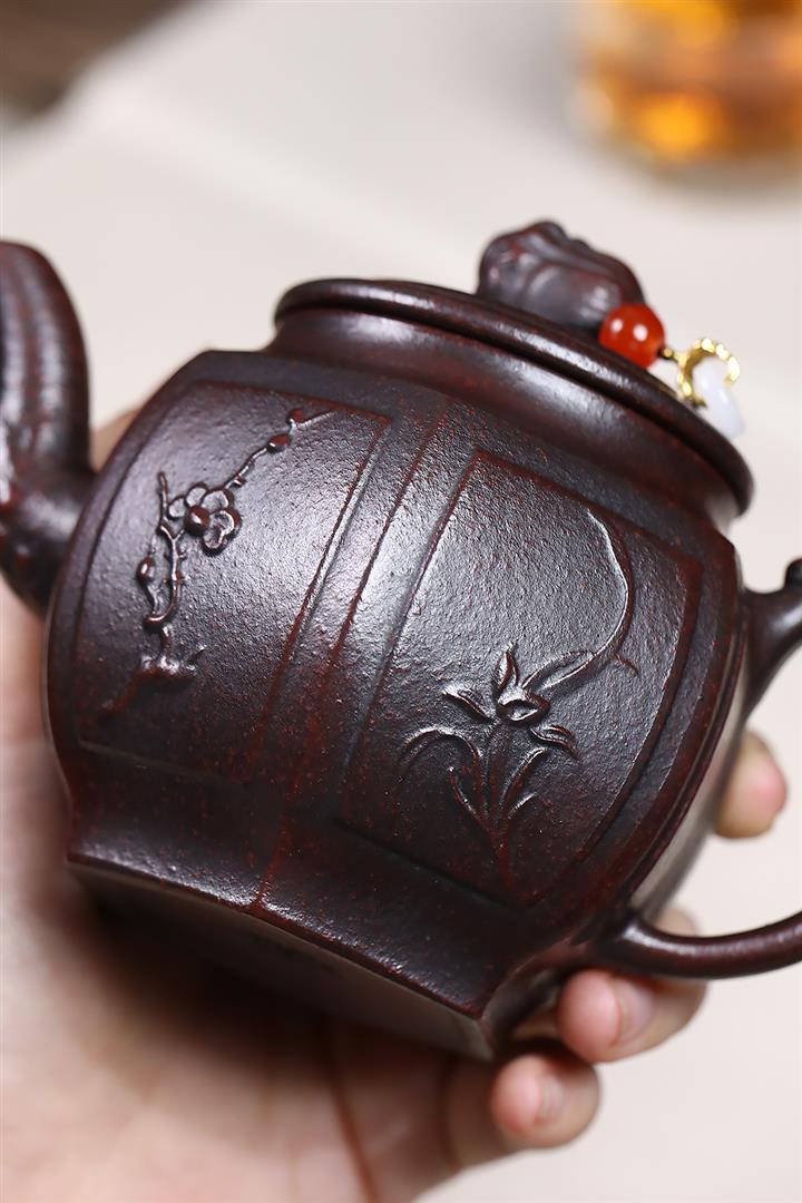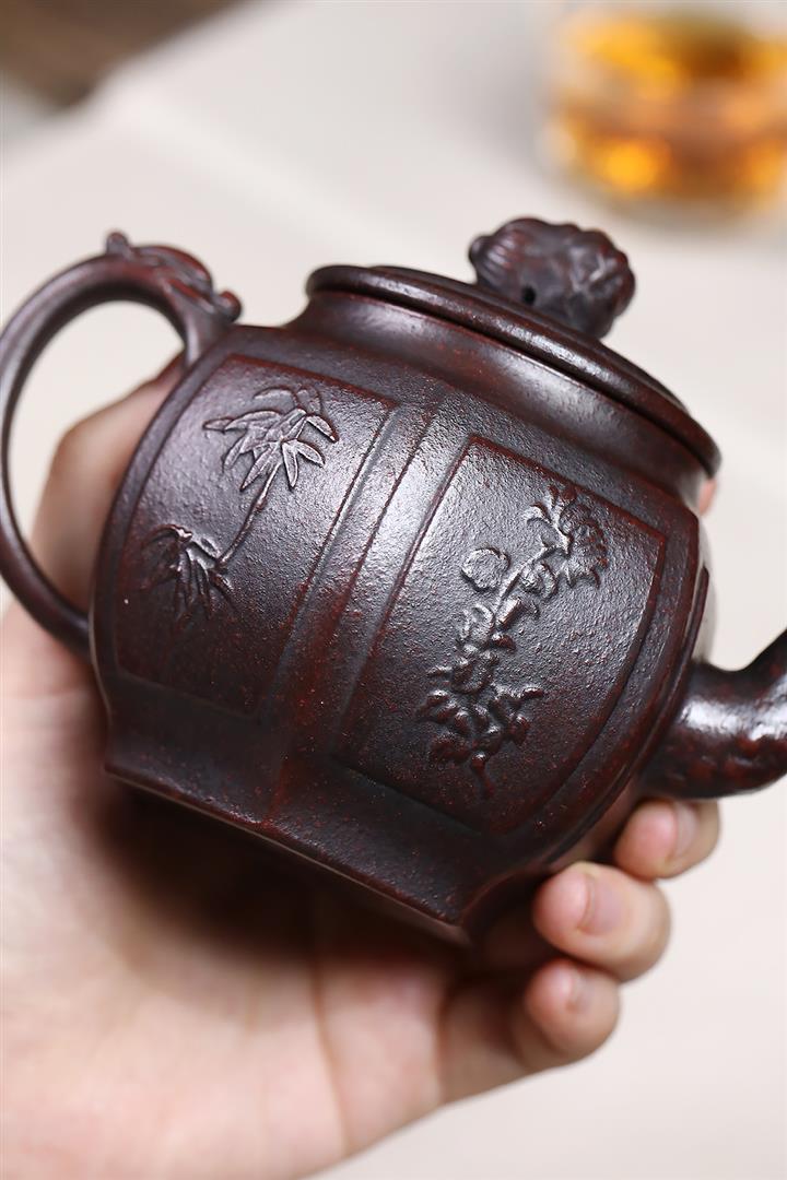 原礦赤龍血砂魚趣六方宮燈茶壺POT7555
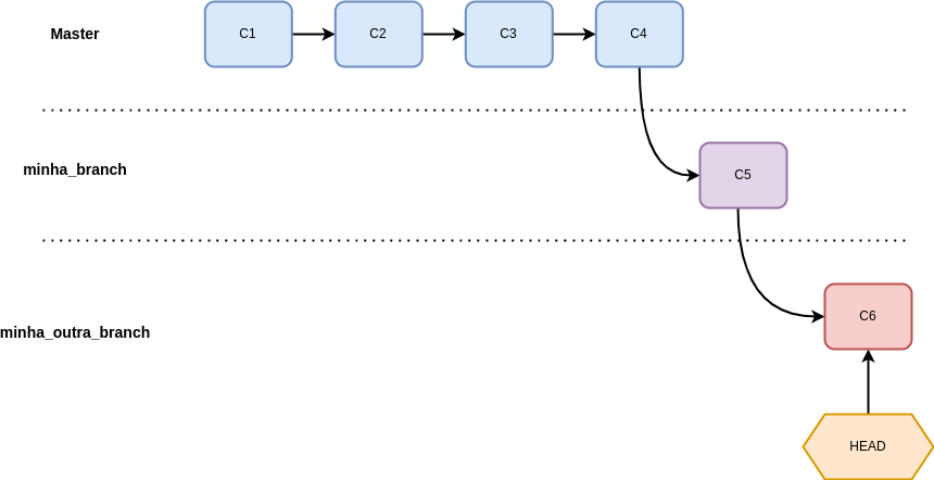 Vamos supor que estamos trabalhando na minha_outra_branch e quiséssemos realizar o merge com a master. Como as histórias foram sequenciais, não deveríamos ter qualquer conflito e o Git apenas aponta uma nova referência da master para o commit C6:
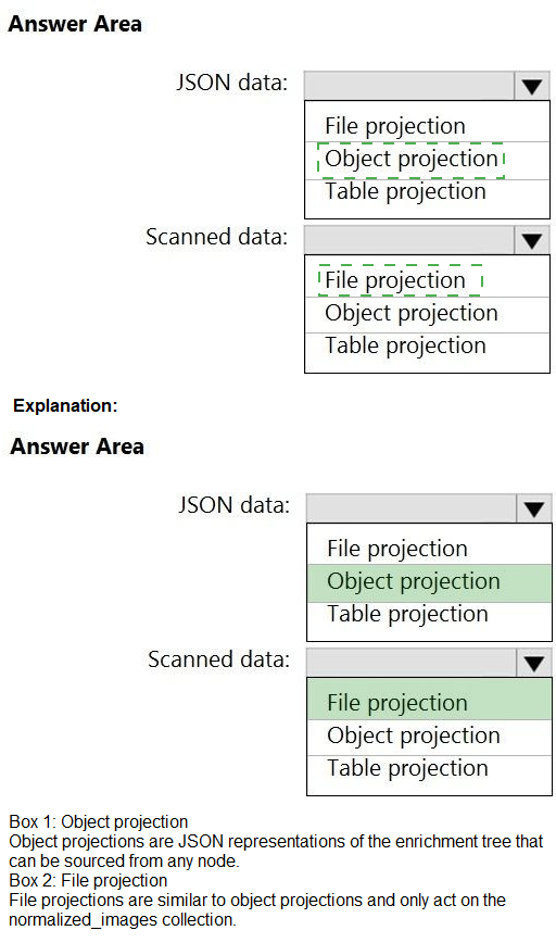 Which projection type should you use for each data type? To answer, select the
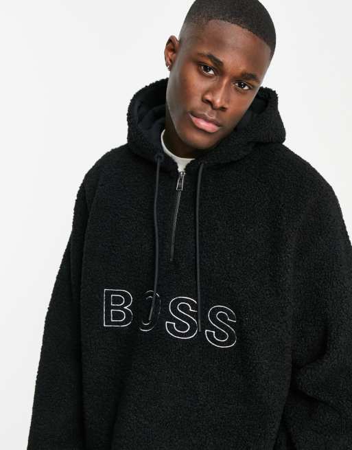 BOSS Zetedy borg overhead hoodie in black Very well made.
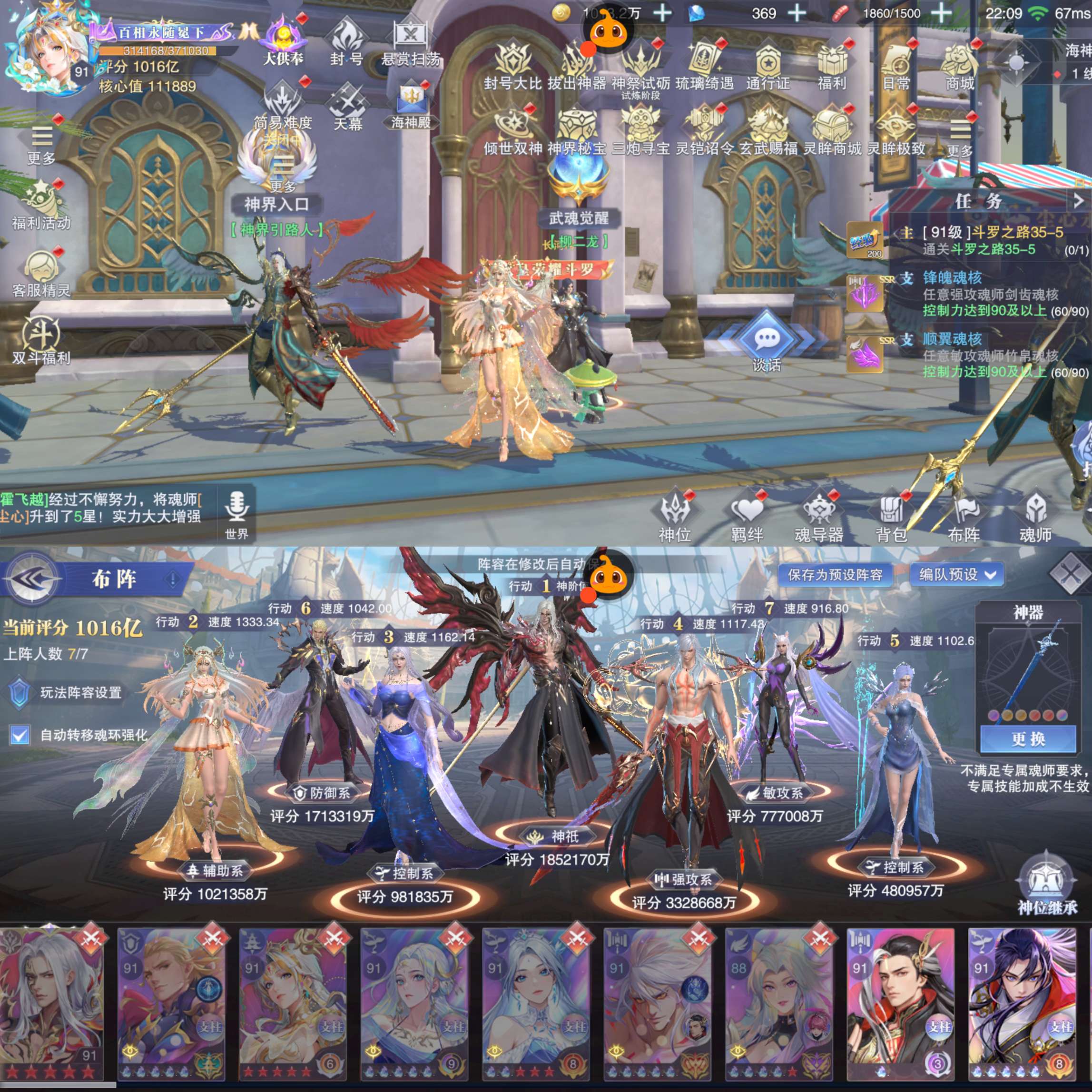 1016亿战力。大供奉。红5十方蓉蓉23sp。业火神诏双神。金皮黑丝大雪。至臻皮灵魂体小舞。2魂
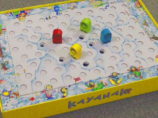 紙が敷かれて中が見えない箱の中には、多くの鉄球が入っています。サイコロを振ってその出目に従い、移動し、氷(紙)を割って、釣り糸を垂らしましょう。最終的に最も多くの魚を釣り上げた人の勝ちです。

Activity — Exactly the lines from the line with "Vamos supor que" through the last line of the listing, both included, should be extracted, and the pictures left behind.

Answer —
 Vamos supor que estamos trabalhando na minha_outra_branch e quiséssemos realizar o merge com a master. Como as histórias foram sequenciais, não deveríamos ter qualquer conflito e o Git apenas aponta uma nova referência da master para o commit C6:
 Which projection type should you use for each data type? To answer, select the
 BOSS Zetedy borg overhead hoodie in black Very well made.
 1016亿战力。大供奉。红5十方蓉蓉23sp。业火神诏双神。金皮黑丝大雪。至臻皮灵魂体小舞。2魂
 紙が敷かれて中が見えない箱の中には、多くの鉄球が入っています。サイコロを振ってその出目に従い、移動し、氷(紙)を割って、釣り糸を垂らしましょう。最終的に最も多くの魚を釣り上げた人の勝ちです。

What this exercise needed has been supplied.